Chicken busy holiday really www, read a book and thought the car playing baseball one day is gone (of course, LOL & decadent chat time).
P and universities must be big hit on the right ACM and the like, can only learn the w (Alexander)
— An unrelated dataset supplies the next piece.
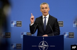 TTK NATO Jens Stoltenberg tại một cuộc họp báo tại trự sở NATO ở Brussels, 1/4/2019.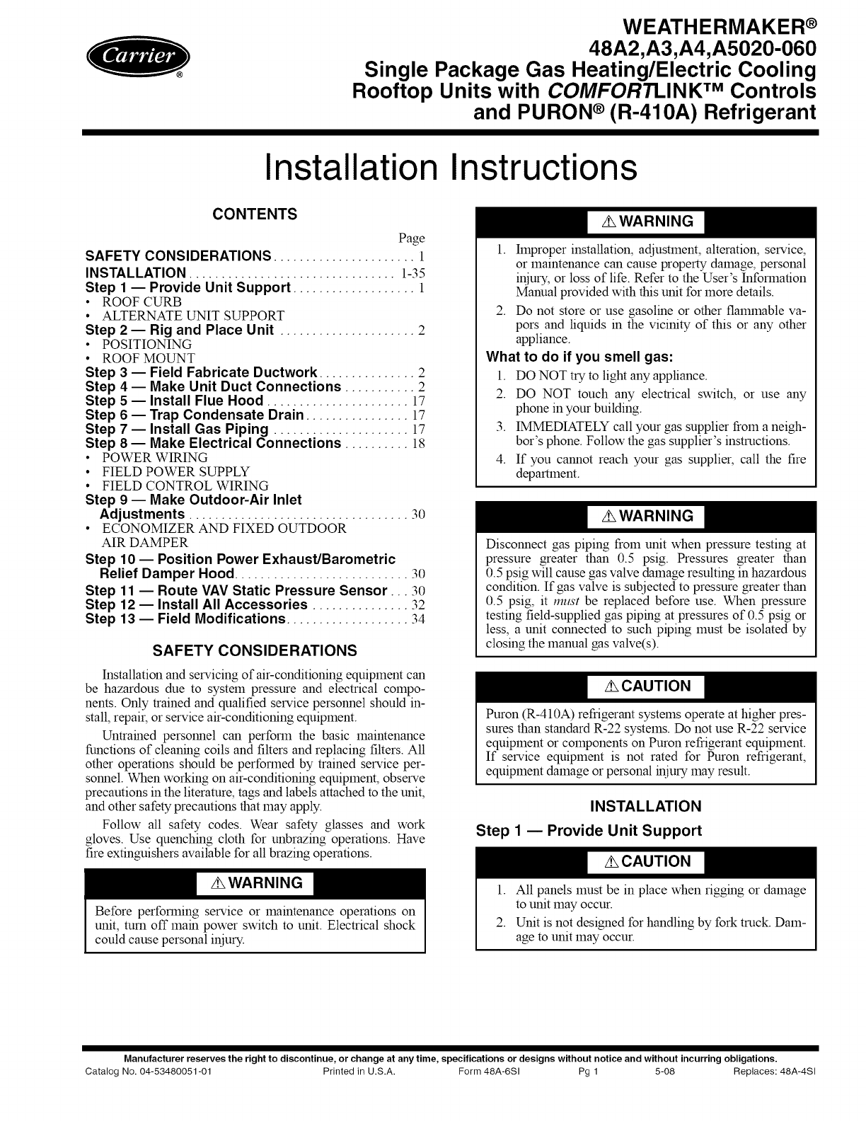 Catalog No. 04%3480051-01 Printed in U.S.A. Form 48A-6SI Pg 1 5-08 Replaces: 48A-4SI

So OI is really only interested in the strike, and occasionally have time to mess things up, start with a simple question about the recovery even had the strength is also very dish w
Well, not much gossip said.
This question is seemingly appears LRJ's Blue Book too, is equivalent to just get max score (score upper hand - FLAC) max, and because both the constant.
This achieves a O (n ^ 3) of the DP, then we take the front and from the prefix or suffix, respectively, taken at optimized (see specific code comments), can be done O (n ^ 2) it!
#include<bits/stdc++.h>
#define ll long long
using namespace std;
const int N=1005;
int dp,w,f[N][N],g[N][N],a[N],n,T;
/*
dp[i][j] means the MAX delta between the first and the second.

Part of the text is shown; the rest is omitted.